-- Data for review follows --
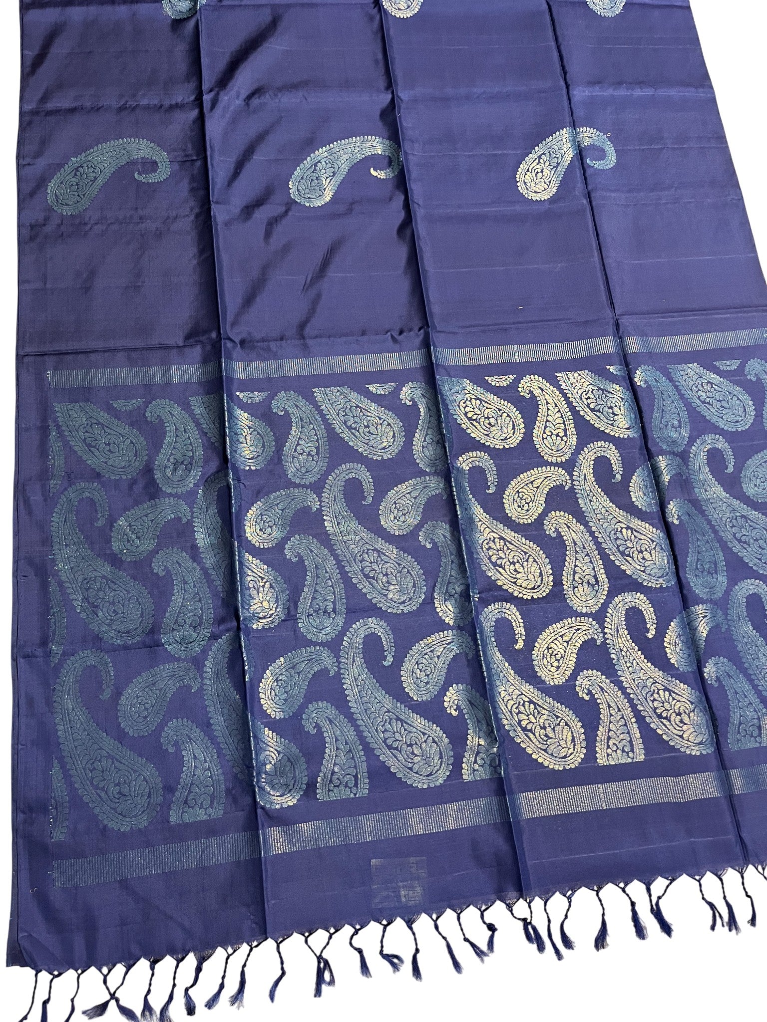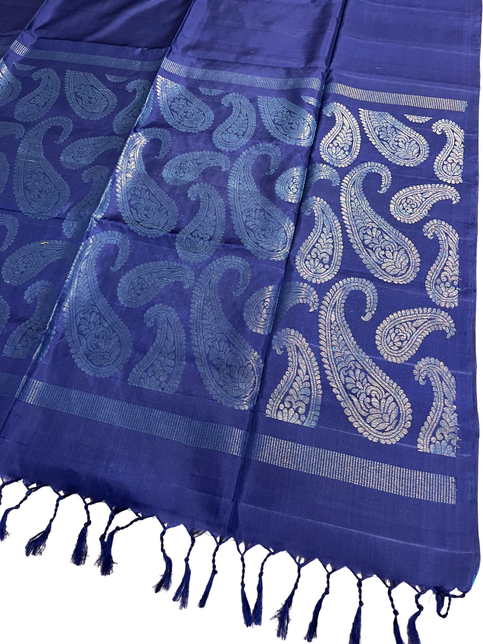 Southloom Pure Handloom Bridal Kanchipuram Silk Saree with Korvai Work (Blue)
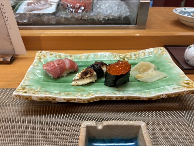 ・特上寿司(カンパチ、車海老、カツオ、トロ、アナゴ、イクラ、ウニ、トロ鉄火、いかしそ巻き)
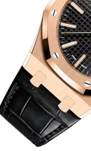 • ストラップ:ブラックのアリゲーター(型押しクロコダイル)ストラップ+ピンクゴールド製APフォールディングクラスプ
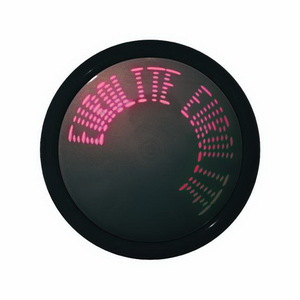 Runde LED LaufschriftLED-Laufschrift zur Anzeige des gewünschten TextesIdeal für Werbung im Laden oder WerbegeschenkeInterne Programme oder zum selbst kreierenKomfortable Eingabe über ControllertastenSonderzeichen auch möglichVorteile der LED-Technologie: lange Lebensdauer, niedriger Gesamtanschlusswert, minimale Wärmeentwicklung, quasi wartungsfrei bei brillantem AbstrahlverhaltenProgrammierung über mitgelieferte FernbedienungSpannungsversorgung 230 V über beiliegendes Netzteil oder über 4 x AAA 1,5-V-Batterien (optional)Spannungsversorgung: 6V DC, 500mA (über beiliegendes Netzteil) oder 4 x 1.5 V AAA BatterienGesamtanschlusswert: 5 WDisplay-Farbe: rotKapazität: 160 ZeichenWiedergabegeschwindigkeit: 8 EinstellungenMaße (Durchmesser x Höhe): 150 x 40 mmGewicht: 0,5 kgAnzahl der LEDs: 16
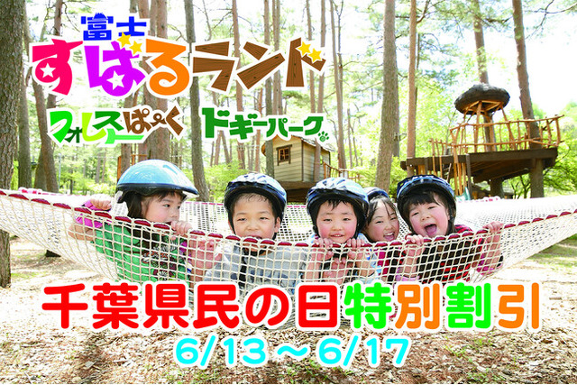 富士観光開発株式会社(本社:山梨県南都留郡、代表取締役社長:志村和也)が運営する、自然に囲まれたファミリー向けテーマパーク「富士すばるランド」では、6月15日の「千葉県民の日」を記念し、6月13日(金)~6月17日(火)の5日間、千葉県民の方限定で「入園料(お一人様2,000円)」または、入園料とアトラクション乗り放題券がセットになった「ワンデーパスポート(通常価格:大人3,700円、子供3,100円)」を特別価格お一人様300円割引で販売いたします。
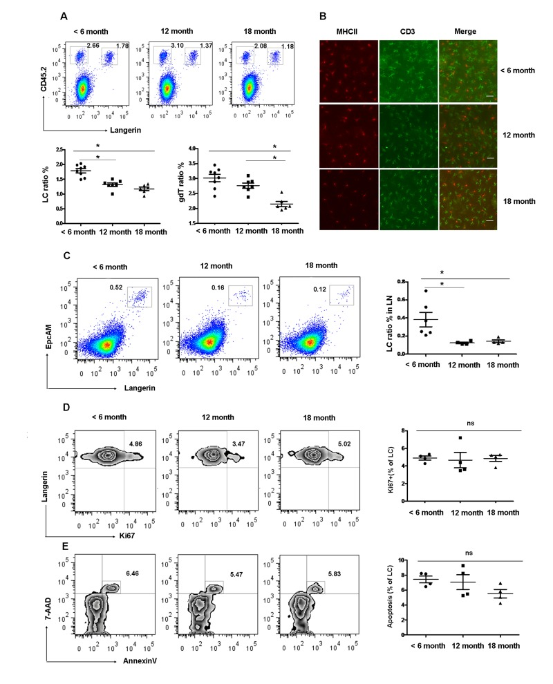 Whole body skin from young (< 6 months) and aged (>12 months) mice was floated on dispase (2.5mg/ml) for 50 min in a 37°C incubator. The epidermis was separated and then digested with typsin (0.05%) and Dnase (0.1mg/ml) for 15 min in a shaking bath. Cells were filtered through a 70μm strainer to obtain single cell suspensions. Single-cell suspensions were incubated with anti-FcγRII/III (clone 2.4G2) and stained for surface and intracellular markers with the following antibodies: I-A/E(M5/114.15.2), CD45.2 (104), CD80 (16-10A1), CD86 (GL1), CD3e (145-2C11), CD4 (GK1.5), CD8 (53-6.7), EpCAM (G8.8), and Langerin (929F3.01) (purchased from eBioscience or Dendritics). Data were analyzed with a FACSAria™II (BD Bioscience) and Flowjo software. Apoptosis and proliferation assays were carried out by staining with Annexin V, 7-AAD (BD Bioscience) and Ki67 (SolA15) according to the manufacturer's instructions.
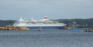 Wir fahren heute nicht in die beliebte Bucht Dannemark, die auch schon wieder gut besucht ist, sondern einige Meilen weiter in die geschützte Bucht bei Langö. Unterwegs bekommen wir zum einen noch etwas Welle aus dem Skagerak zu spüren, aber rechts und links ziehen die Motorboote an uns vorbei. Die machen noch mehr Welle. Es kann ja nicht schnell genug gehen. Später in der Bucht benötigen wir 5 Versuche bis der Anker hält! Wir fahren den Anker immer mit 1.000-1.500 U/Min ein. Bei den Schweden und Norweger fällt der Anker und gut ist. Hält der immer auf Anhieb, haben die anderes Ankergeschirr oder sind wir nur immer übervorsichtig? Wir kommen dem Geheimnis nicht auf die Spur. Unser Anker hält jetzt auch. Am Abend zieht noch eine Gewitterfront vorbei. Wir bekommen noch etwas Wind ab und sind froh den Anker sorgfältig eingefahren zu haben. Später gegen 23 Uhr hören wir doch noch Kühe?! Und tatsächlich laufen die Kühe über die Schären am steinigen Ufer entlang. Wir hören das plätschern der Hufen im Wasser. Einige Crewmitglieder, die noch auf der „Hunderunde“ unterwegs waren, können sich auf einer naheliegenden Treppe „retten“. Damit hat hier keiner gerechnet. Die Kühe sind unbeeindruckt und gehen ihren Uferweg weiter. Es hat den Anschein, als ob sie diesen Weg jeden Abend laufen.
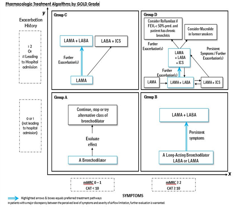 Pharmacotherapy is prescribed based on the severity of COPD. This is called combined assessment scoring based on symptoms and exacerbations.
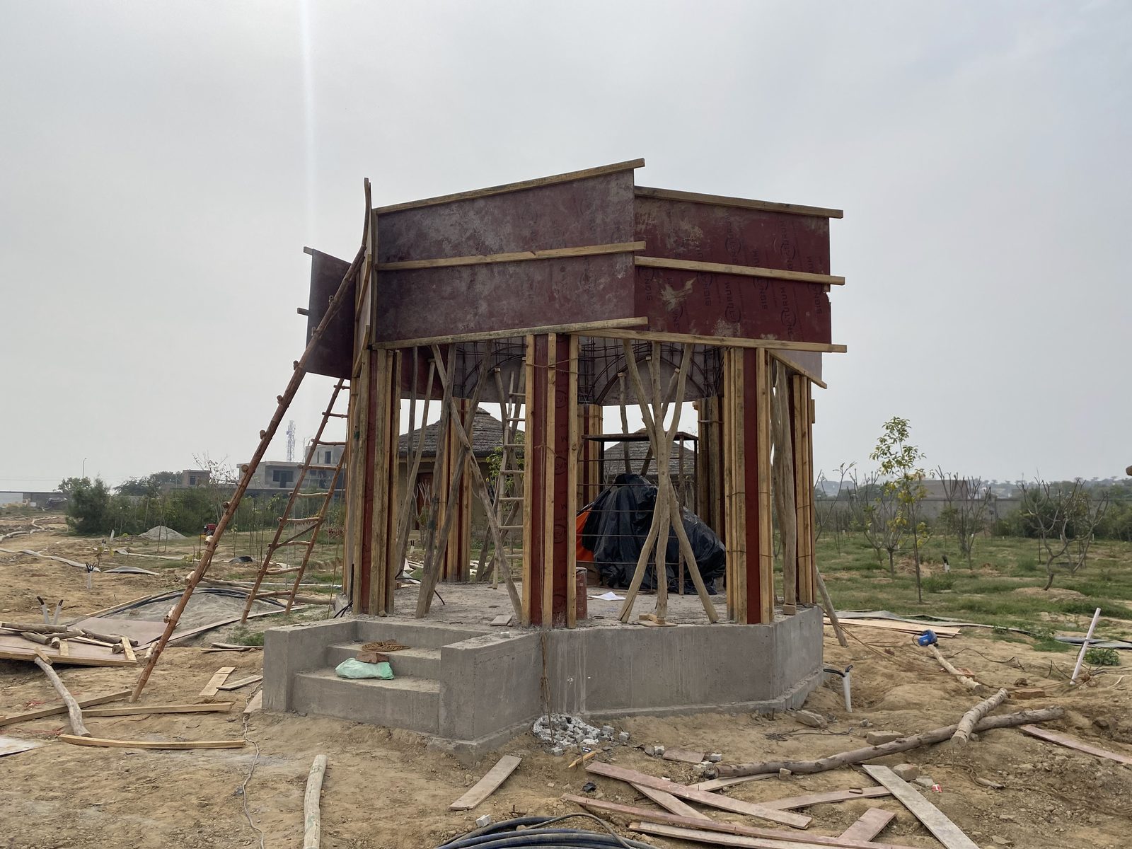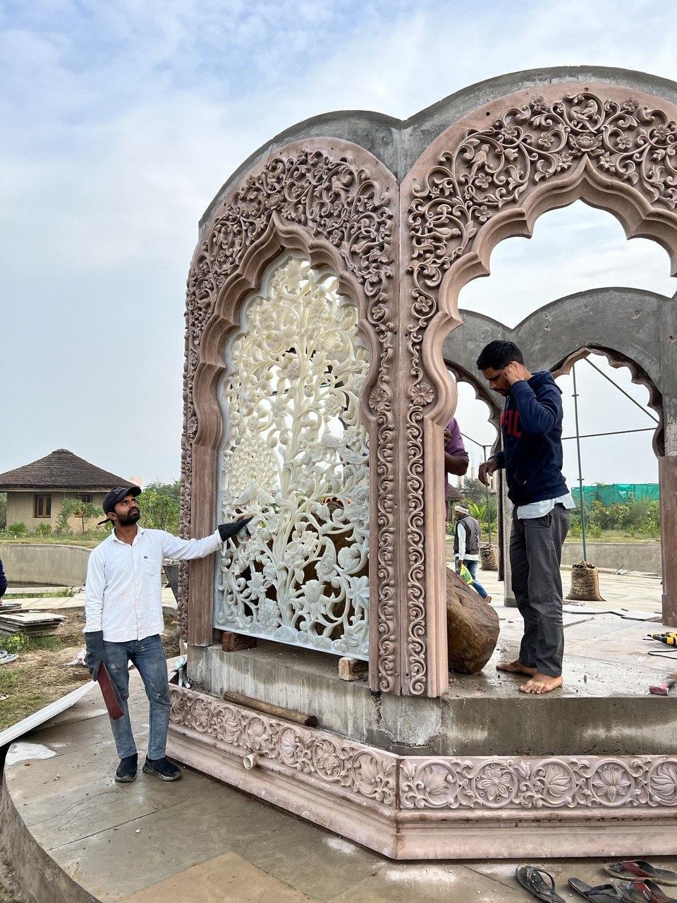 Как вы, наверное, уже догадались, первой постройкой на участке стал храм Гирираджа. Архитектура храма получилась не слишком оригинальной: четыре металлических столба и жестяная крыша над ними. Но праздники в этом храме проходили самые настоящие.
-- Data for review concluded --
Work item: Leaving every picture behind, retype the entries above exactly, from the first line through the line with "富士観光開発株式会社(本社:山梨県南都留", and stop there.

Answer section:
 Southloom Pure Handloom Bridal Kanchipuram Silk Saree with Korvai Work (Blue)
 ・特上寿司(カンパチ、車海老、カツオ、トロ、アナゴ、イクラ、ウニ、トロ鉄火、いかしそ巻き)
 • ストラップ:ブラックのアリゲーター(型押しクロコダイル)ストラップ+ピンクゴールド製APフォールディングクラスプ
 Runde LED LaufschriftLED-Laufschrift zur Anzeige des gewünschten TextesIdeal für Werbung im Laden oder WerbegeschenkeInterne Programme oder zum selbst kreierenKomfortable Eingabe über ControllertastenSonderzeichen auch möglichVorteile der LED-Technologie: lange Lebensdauer, niedriger Gesamtanschlusswert, minimale Wärmeentwicklung, quasi wartungsfrei bei brillantem AbstrahlverhaltenProgrammierung über mitgelieferte FernbedienungSpannungsversorgung 230 V über beiliegendes Netzteil oder über 4 x AAA 1,5-V-Batterien (optional)Spannungsversorgung: 6V DC, 500mA (über beiliegendes Netzteil) oder 4 x 1.5 V AAA BatterienGesamtanschlusswert: 5 WDisplay-Farbe: rotKapazität: 160 ZeichenWiedergabegeschwindigkeit: 8 EinstellungenMaße (Durchmesser x Höhe): 150 x 40 mmGewicht: 0,5 kgAnzahl der LEDs: 16
 富士観光開発株式会社(本社:山梨県南都留郡、代表取締役社長:志村和也)が運営する、自然に囲まれたファミリー向けテーマパーク「富士すばるランド」では、6月15日の「千葉県民の日」を記念し、6月13日(金)~6月17日(火)の5日間、千葉県民の方限定で「入園料(お一人様2,000円)」または、入園料とアトラクション乗り放題券がセットになった「ワンデーパスポート(通常価格:大人3,700円、子供3,100円)」を特別価格お一人様300円割引で販売いたします。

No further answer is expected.